Fpro_09882F1:AACGGCTGGGAGGTTAATAGCATGGGGAGTACCA(SEQ ID NO：3)；

Fpro_09882R1:ATACGGATTCTCACTTCTCCCATACCCATTGTCG(SEQ ID NO：4)；

Fpro _09882P:5'-GCTCGAACCGGGGATGATGAGACGATTTACGATGGGT GAAGGATG-3' (SEQ ID NO: 5), which was labeled with FAM at the 5' end, modified with C3Spacer at the 3' end, and THF-modified at 30bp apart from the 5' end in the sequence of the probe.

In another aspect, the invention provides a kit for detecting Fusarium stratifying bacteria, comprising at least 1 dose of detection solution comprising the primer and probe combination described above.

Further, the kit further comprises: the kit comprises a twist Amp reaction unit tube filled with freeze-dried enzyme powder, a Buffer, MgAc, deionized water, a HybriDetect assay Buffer and a lateral flow chromatography test strip.

In another aspect, the invention also provides the specific detection target FPRO-09882, the primer and probe combination, and the application of the kit in detecting Fusarium proliferatum.

On the other hand, the invention also provides a method for detecting the layered Fusarium, which is characterized in that,

1) extracting DNA of a sample to be detected;

2) using DNA as a template, and carrying out RPA amplification by using the combination of the primers (SEQ ID NO.3 and SEQ ID NO.4) and the probe (SEQ ID NO.5) or the kit;

3) wherein the RPA amplification: to a 0.2ml LTwistAmp reaction unit tube (Twist enzymes nfo kits, Twist) containing lyophilized enzyme powder, 29.5. mu.L of Buffer, 2.1. mu.L of 10. mu.M upstream primer (SEQ ID NO.3), 2.1. mu.L of 10. mu.M downstream primer (SEQ ID NO.4), 0.6. mu.L of probe (SEQ ID NO.5), 2.0. mu.L of DNA, and 2.5. mu.L of MgAc were added inside the PCR tube cap, and deionized water was added to 50. mu.L; fully and uniformly mixing the RPA amplification system, centrifuging for 10s at 5,000 Xg, placing on a metal bath at 39 ℃ for reaction for 30min, incubating for 4 min, uniformly mixing the reaction tube again, centrifuging for 3-5s, and placing in a water bath kettle at 39 ℃ for further reaction for 30 min.

4) Detecting the RPA amplification product by using a lateral flow chromatography test strip;

mu.L of the RPA reaction product was diluted by adding 190. mu.L of HybriDetect assay buffer (Milenia Biotec, Giessen, Germany), and 10. mu.L of the diluted product was dropped onto a HybriDetect 1strip of a test strip. The other strip was inserted vertically into 100. mu.L of HybriDetect assay buffer and left at room temperature for 5 min.

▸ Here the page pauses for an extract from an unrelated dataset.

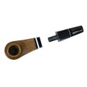 Люлька для куріння ручної роботи «Хортиця», морений дуб, кам'яний мундштукОригінальна люлька для куріння ручної роботи, виконана з мореного дуба — міцної та довговічної деревини з виразною природною текстурою. Геометрична форма чаші та прямий корпус створюють сучасний і стриманий силует, що вигідно вирізняє модель серед класичних люльок. Завдяки покриттю карнаубським воском деревина набуває глибокого теплого відтінку та приємного природного блиску. Мундштук виготовлений із акрилу та штучного каменю з темними декоративними вставками. Контраст між світлими та темними елементами підкреслює чітку геометрію виробу та додає люльці сучасного характеру. Конструкція передбачає використання стандартного фільтра 8 мм, що допомагає зробити куріння більш м’яким та комфортним. У комплект входять замшевий чохол для зберігання та шкіряна підставка, які забезпечують зручність використання та підкреслюють статус виробу ручної роботи. Така люлька стане чудовим вибором як для щоденного використання, так і для подарунка поціновувачу стильних аксесуарів.

When the test strip has two brown strips, one is positioned in the quality control area and the other is positioned in the detection area, the result is positive, and the sample contains Fusarium proliferatum (F.proliferum); when only the quality control area of the test strip has a brown strip and the detection area has no strip, the result is negative, which indicates that the sample does not contain Fusarium proliferatum (F.proliferatum).

Compared with the conventional PCR, the method has the advantages of high detection speed, no need of three steps of denaturation, annealing and extension, the optimum temperature of the RPA reaction is between 25 and 40 ℃, no need of denaturation, and the reaction can be completed at normal temperature for about 20 min. Thus, isothermal amplification is realized, thermal cycle is not necessary like a PCR method, dependence on a thermal cycle instrument is eliminated, stable heat source RPA reaction can be generated, the use range of RPA is greatly expanded, and portable field rapid nucleic acid detection can be really realized. The PCR reaction time needs 1 half hour, while the RPA reaction time only needs 15 minutes, thus greatly shortening the detection time.

Compared with the prior art, the invention has the beneficial effects that:

1) the invention provides a novel specific Fusarium stratifying molecule detection target FPRO-09882 with high reliability, and provides a novel detection way for detecting Fusarium stratifying.

2) The method can quickly, conveniently, efficiently, specifically and sensitively detect the layered fusarium under the isothermal condition, does not need complex instruments, can better meet the field detection of the layered fusarium, and has important effects on promoting the quick molecular detection research of the layered fusarium and the early diagnosis of diseases caused by the detection.

3) The detection method provided by the invention has high accuracy: according to the sequence of a new target FPRO-09882 for detecting fusarium laminariiformis, a specific detection primer and probe combination is designed, the target band is analyzed according to the detection result of an LFD lateral flow chromatography test strip, and the RPA detection concentration is 1 pg.mu.L^-1The sensitivity of the RPA lateral flow chromatography test strip detection method is 100 times higher than that of the PCR method.

Drawings

In order to more clearly illustrate the embodiments of the present invention or the technical solutions in the prior art, the drawings used in the description of the embodiments will be briefly described below.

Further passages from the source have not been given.